I've had times where I yelled internally for it to shut up--the voice, that is--and it did. And yet to say it really is a voice is incorrect--it's my voice, talking to me. My own thoughts, and I refuse to cast them off into a pseudo-personality unless I use it for a concept for a character. It isn't correct to say it really is a voice, either--it isn't consisted of a lacking, or a hole. It's like a corrupted part of my psyche, a glitch in the system, a cancer I was born with that resides in the soul. I could romanticize it more, but it comes down to a deep sense of discomfort that attempts to simply be negative with any situation, and if you achieve something happy, it tries to claim you aren't being yourself. What is 'yourself', then?
The thing is, even if it says you aren't being yourself, you are. If you achieve something positive and it says you don't deserve it because you aren't that person, ignore it. It's false, a lie meant to keep you down where it seems to think you need to be. They say life is a struggle and all beings strive to keep that struggle going until their last breath--yet why do I, and others, have this... thing, inside us telling us to work against ourselves? Why does it think we're being untrue?

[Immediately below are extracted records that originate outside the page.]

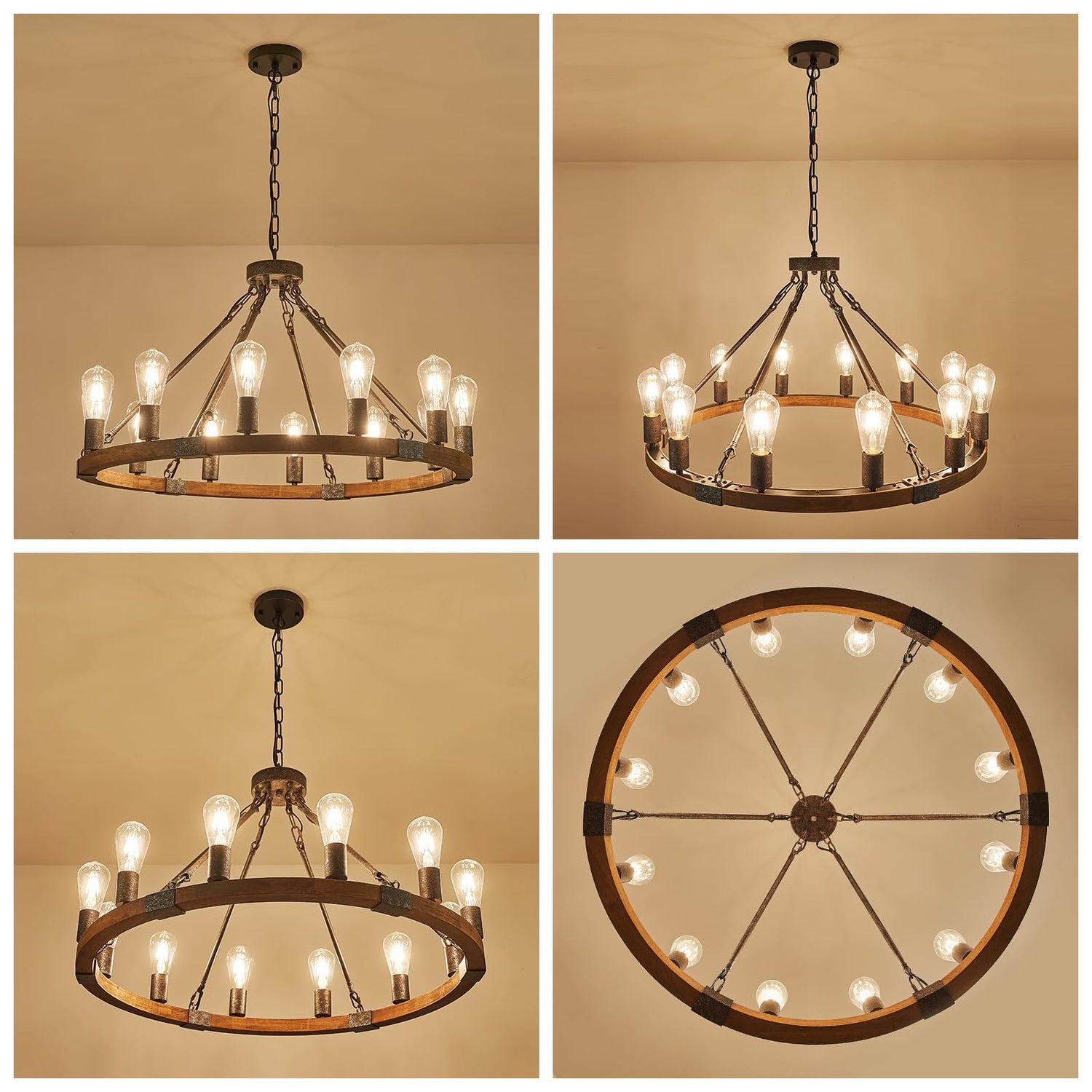 - Wide Application Farmhouse Chandelier: The 12-light design provides 360° light coverage that is soft and warm without being harsh, making it the perfect accent for a dining room, entryway, living room, and foyer. In addition to brightening up your home, this Large Farmhouse Chandelier is also a great choice for a housewarming or holiday gift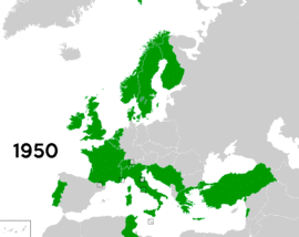 At the end of World War II, the continental political climate favoured unity in democratic European countries, seen by many as an escape from the extreme forms of nationalism which had devastated the continent.[10] In a speech delivered on 19 September 1946 at the University of Zürich in Switzerland, Winston Churchill postulated a United States of Europe.[11] The same speech however contains remarks, less-often quoted, which make it clear that Churchill did not initially see Britain as being part of this United States of Europe:
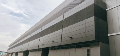 除了多种巧妙的防水设计之外,项目幕墙组还在本身就具备防水性能的所有铝板和室外可视型材上进行了厚度不小于45微米的氟碳喷涂处理三涂,专门为这座超级展馆增加一层防蚀护甲。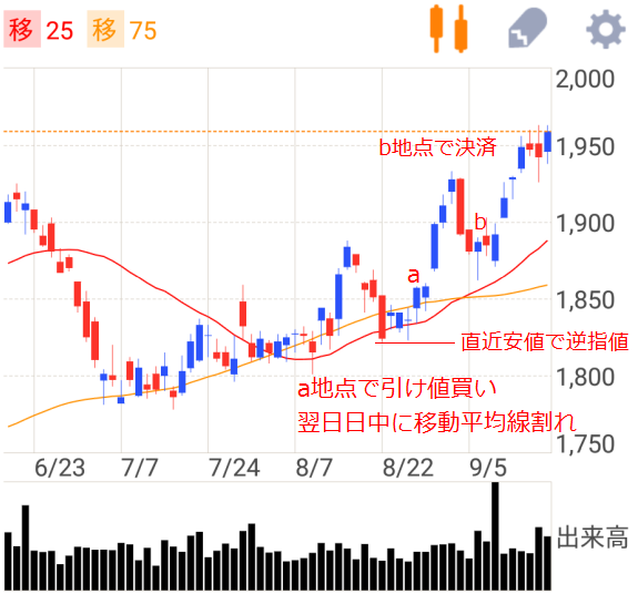 a地点(8/28)に75日移動平均線を越えて陽線で引けようとしたため引け成で買い。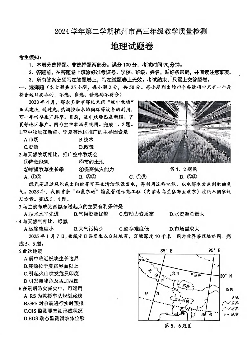 浙江省2024学年第二学期杭州市高三年级教学质量检测 地理.pdf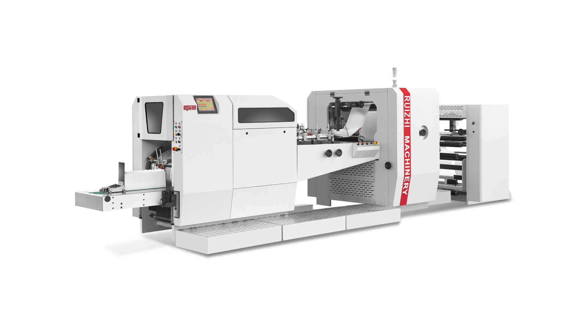 Ruizhi Machinery flat bottom paper bag machine, with the independent operation and coordination of modules (feeding, pre-punching, and bottom-folding) minimize downtime, streamline production, and ensure fast, efficient paper bag manufacturing.
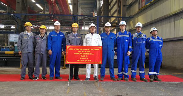4月24號(hào),公司舉行了第三條325000噸礦砂船開(kāi)工儀式,該船正式開(kāi)工建造。公司的副總經(jīng)理朱韓鋼與韓國(guó)船東Pan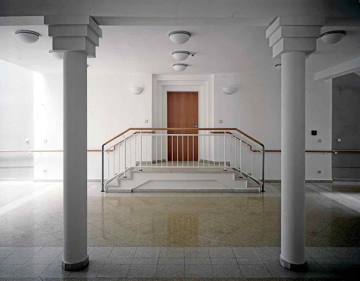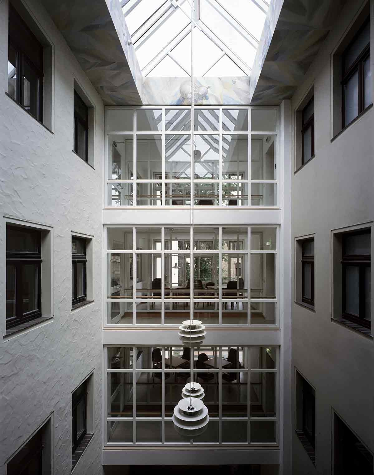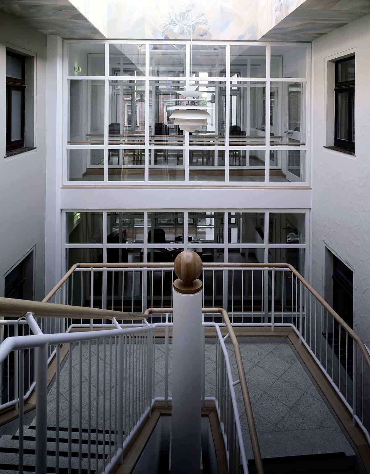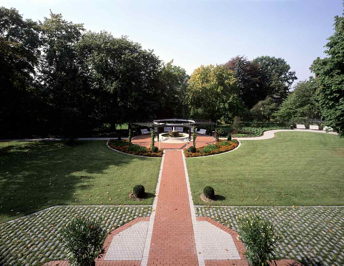 Der Altbau wurde vollständig erhalten, denkmalpflegerisch saniert und als Pflegeheim umgebaut. In seinem Erdgeschoss wurde die Begegnungsstätte eingerichtet. Der Neubau, den wir parallel hinter dem Altbau angeordnet haben, ist in der Mittelachse des Altbaus mit einem gläsernen Zwischenbau angeschlossen, in dem Treppe und Aufzug und die Gemeinschaftsräume sowie der neue Haupteingang untergebracht sind. Die Pflegestationen des Neubaus sind zum Park im Süden orientiert.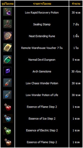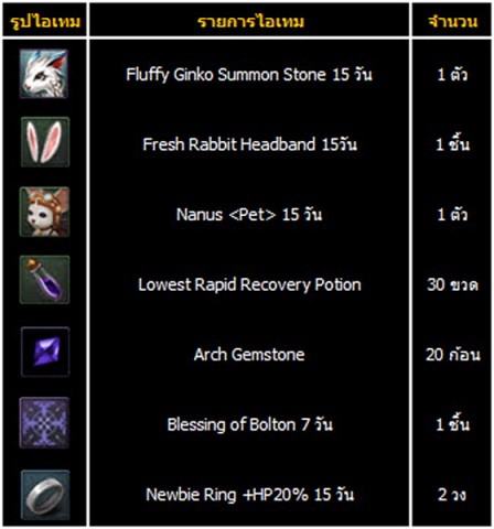 - ไอเทมทั้งหมดจะถูกส่งผ่านทางจดหมายในเกม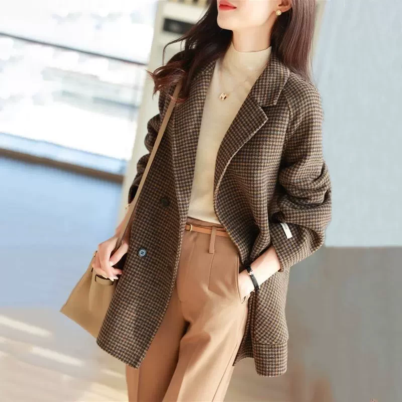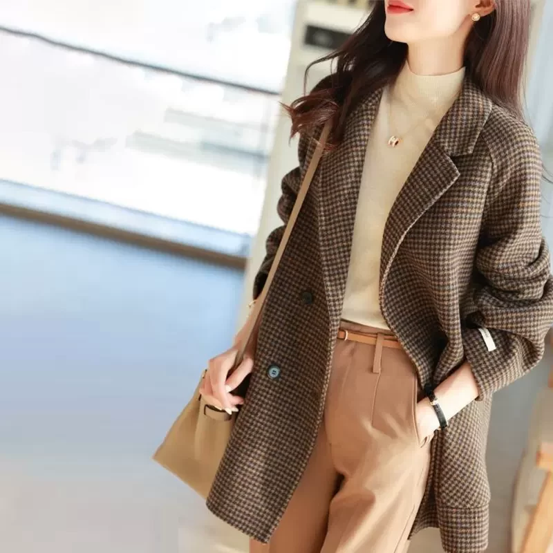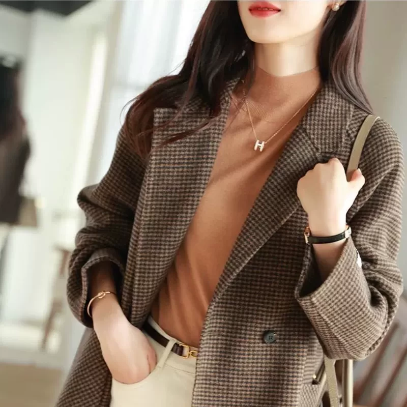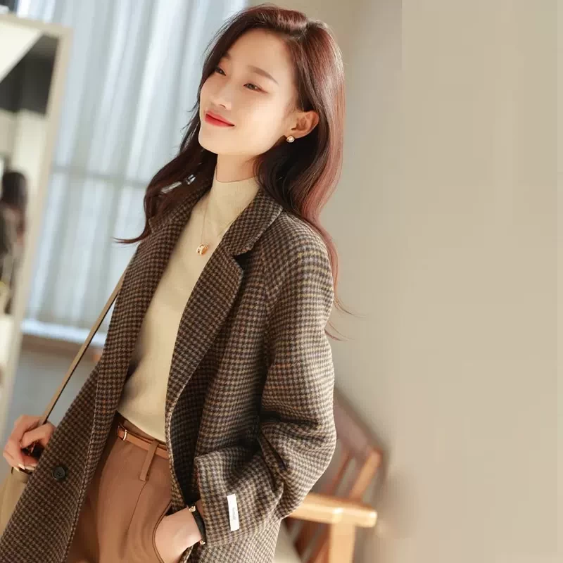 Houndstooth suit jacket women's high-end autumn and winter small fragrance mid-length thick woolen coat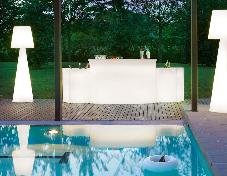 Ice Bar è il complemento d'arredo modulare, versatile e innovativo che si inserisce nella collezione dei sistemi espositivi firmati SLIDE. Realizzati in polietilene secondo la consueta tecnica dello stampo rotazionale. Lampadine a risparmi energetico: 1xE27 - 25W.

This I can't answer. I don't know if there is an answer at all, and I don't feel good sticking something in there. The closest I can come up with is that we feel detached socially. I tend to detach myself from my emotions--I laugh even when I cry, I claim I don't know why I'm crying, because I don't feel it. My body just... reacts to what I bury down deep. If I'm entirely by myself, then and only then do I really sense my emotions. I suppose this is why I hate being alone despite the whole detachment thing--people keep me centered to a more functional state where the whole emotion thing doesn't overwhelm me. And yet this proliferates the detachment issue, reaffirming it, but it is absolutely necessary for me to do to live.
I can't erase the negative emotions.
And I can't give into them, either.
The struggle we of the voice have to endure is knowing that we'll face this our whole lives, and we have to achieve peace with it. In the past year, I actually managed that. This is just... me. No blame to anything or anyone. The best thing for me to do is find things to really enjoy myself and my place.
...I apologize if this is all nonsense to anybody, I'm a bit impractical in how my mind wanders down these routes.